Surgical thresholds for aortic root and/or ascending aortic replacement in heritable thoracic aortic aneurysm disease*
| Heritable condition | Size threshold for aortic root and/or ascending aortic surgery |
| Marfan syndrome17–19 | ≥50 mm |
| >45 mm (with risk factors)† | |
| Loeys-Dietz syndrome17 22 | |
| TGFBR1, TGFBR2, SMAD3 | 40–45 mm‡ |
| TGFB2 | ≥45 mm‡ (limited information) |
| TGFB3 | ?>45–50 mm (limited information) |
| nsHTAD | |
| ACTA2 | ≥45 mm |
| PRKG2, MYH11 | ≥45 mm |
| MYLK | ? aortic dissection may occur without significant aortic dilatation |
| Bicuspid aortic valve48 | ≥55 mm |
| ≥50 mm (with risk factors/low surgical risk)§ | |
| >45 mm (requiring aortic valve replacement) |
*Specific pathogenic variants may associate with a higher risk of aortic events. A family history of aortic dissection may inform earlier surgery for other family members.
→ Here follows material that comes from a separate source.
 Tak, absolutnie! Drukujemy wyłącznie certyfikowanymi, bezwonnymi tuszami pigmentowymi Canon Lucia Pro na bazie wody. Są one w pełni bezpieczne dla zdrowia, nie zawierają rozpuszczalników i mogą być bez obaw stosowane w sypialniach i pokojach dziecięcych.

†Family history of aortic dissection or aortic growth rate >3 mm/year, severe aortic or mitral regurgitation, or before pregnancy.
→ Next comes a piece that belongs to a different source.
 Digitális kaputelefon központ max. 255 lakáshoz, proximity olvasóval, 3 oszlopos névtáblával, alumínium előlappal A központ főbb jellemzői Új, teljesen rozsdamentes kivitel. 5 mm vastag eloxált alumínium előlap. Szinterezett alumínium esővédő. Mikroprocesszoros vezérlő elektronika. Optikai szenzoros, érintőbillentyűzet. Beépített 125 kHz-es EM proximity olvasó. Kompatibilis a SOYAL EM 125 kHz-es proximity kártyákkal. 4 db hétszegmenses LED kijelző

‡Surgery at the smaller aortic diameters may be considered for individuals with severe craniofacial features, marked arterial tortuosity, widened scars, younger individuals (especially women with TGFBR2 pathogenic variants and small body size), rapid aortic growth (>3 mm/year) or family history of aortic dissection (especially at small aortic size). In non-syndromic HTAD due to TGF-β genes, surgical thresholds may be at larger aortic diameters depending on age, family history, aortic growth rate and other features.
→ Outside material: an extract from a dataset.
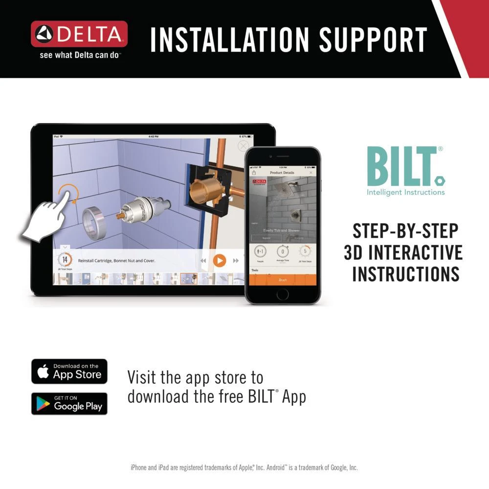Touch it on. Touch it off. Whether you have 2 full hands or 10 messy fingers, Delta Touch2O Technology helps keep your faucet clean, even when your hands aren’t. A simple touch anywhere on the spout or handle with your wrist or forearm activates the flow of water at the temperature where your handle is set. The Delta TempSense LED light changes color to alert you to the waters temperature and eliminate any possible surprises or discomfort. Delta MagnaTite Docking uses a powerful integrated magnet to pull your faucet spray wand precisely into place and hold it there so it stays docked when not in use. Delta ShieldSpray Technology cleans with laser-like precision while containing mess and splatter. A concentrated jet powers away stubborn messes while an innovative shield of water contains splatter and clears off the mess, so you can spend less time soaking, scrubbing and shirt swapping. Delta faucets with DIAMOND Seal Technology perform like new for life with a patented design which reduces leak points, is less hassle to install and lasts twice as long as the industry standard. Kitchen faucets with Touch-Clean Spray Holes allow you to easily wipe away calcium and lime build-up with the touch of a finger. You can install with confidence, knowing that Delta faucets are backed by our Lifetime Limited Warranty. Electronic parts are backed by our 5-year electronic parts warranty. Industry standard is based on ASME A112.18.1 of 500,000 cycles.

§Presence of family history of aortic dissection; or aortic growth rate of >3–5 mm/year; or with coarctation of the aorta; or can be performed at low surgical risk (<4%) with surgery performed at an experienced aortic surgical centre. Surgery is recommended before pregnancy when aortic size is ≥50 mm and shared decision making is recommended when the aorta is 45–49 mm.
HTAD, heritable thoracic aortic disease; ns, nonsyndromic.